4. STAGE DIRECTIONS:
STAGE DIRECTIONS [SDS] are the instructions that the playwright incorporates in his text so as
to facilitate an accurate performance (from his point of view as an author). They are addressed
to the actors and, very especially, the director.
THEY’RE NOT “ACOTATIONS”, THIS WORD DOES NOT EVEN EXIST.
Even though they are rather functional messages, in certain cases they may have intrinsic
literary value (cf. The Glass Menagerie, by T. Williams).
Their use has increased with time. Thus, classical drama practically contained no SDs at all.
In the Renaissance, they became rather frequent, but were quite short and referred basically to
characters’ entrances and exits, and also to some gestures, body movements and voice
deliverance.
In the XX century, their use has increased greatly and the same happens with their length and
diversity. Buero Vallejo’s El tragaluz contains 1475 SDs, whereas S. Beckett’s Act without Words
is a play made exclusively of SDs and no dialogue at all.
There exist a few types of SDs. They can be classified in two large groups: character SDs and
performance SDs.
- In turn, CHARACTER SDS can be of four different kinds: paralinguistic, gestural
(kinetic), movement-related (proxemic) and concerning outer aspect.
- PARALINGUISTIC STAGE DIRECTIONS:
These refer to voice qualities and how it should be used.
They are related to tone, emphasis, whispering, crying, singing… They also provide information
about silences and are highly dependent on each actor/actress’s personal qualities.
They may condition the general tone of the play, whether it mirrors real life or not; whether it
is tragic or comic, etc.

- GESTURAL (KINETIC) STAGE DIRECTIONS:


These are related to body language and either accompany or replace dialogue. They can be
highly conditioned by the audience’s cultural background.

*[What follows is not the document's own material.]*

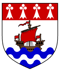 - Device: Argent, a lymphad proper sails set and flagged gules issuant from a ford proper, a chief gules ermined argent.

- MOVEMENT-RELATED (PROXEMIC) STAGE DIRECTIONS:


It is concerned with characters’ movements around stage.
It also pays attention to the distance between characters, which often reflects their personal
relationship, which appears in four degrees: intimate, personal, social and public.

- OUTER ASPECT STAGE DIRECTIONS:


They are normally concerned with make-up, hair-do and clothes.
- PERFORMANCE SDS may focus either on stage scenery and objects, or on lighting and
sound:
- STAGE DIRECTIONS ABOUT STAGE SCENERY AND OBJECTS:
These SDs are related to the objects, either fixed or moving, that can be found on stage.
Those objects are usually highly representative and aim at creating an impression that the
stage is one particular kind of place (e.g. a castle, a home, a forest…).
Objects mentioned in these SDs most often have an important role in the plot of the play.

- STAGE DIRECTIONS ABOUT LIGHTING AND SOUND:


Unlike those in the previous set, these SDs are not concerned with physical objects, although
they also contribute to creating a suitable atmosphere for the play.
These are particularly useful for highlighting climactic and anticlimactic moments in the play.
Light spots help focus attention on certain areas of the stage, whereas sound (music and
noises) may create rhythm and harmony or ruin them.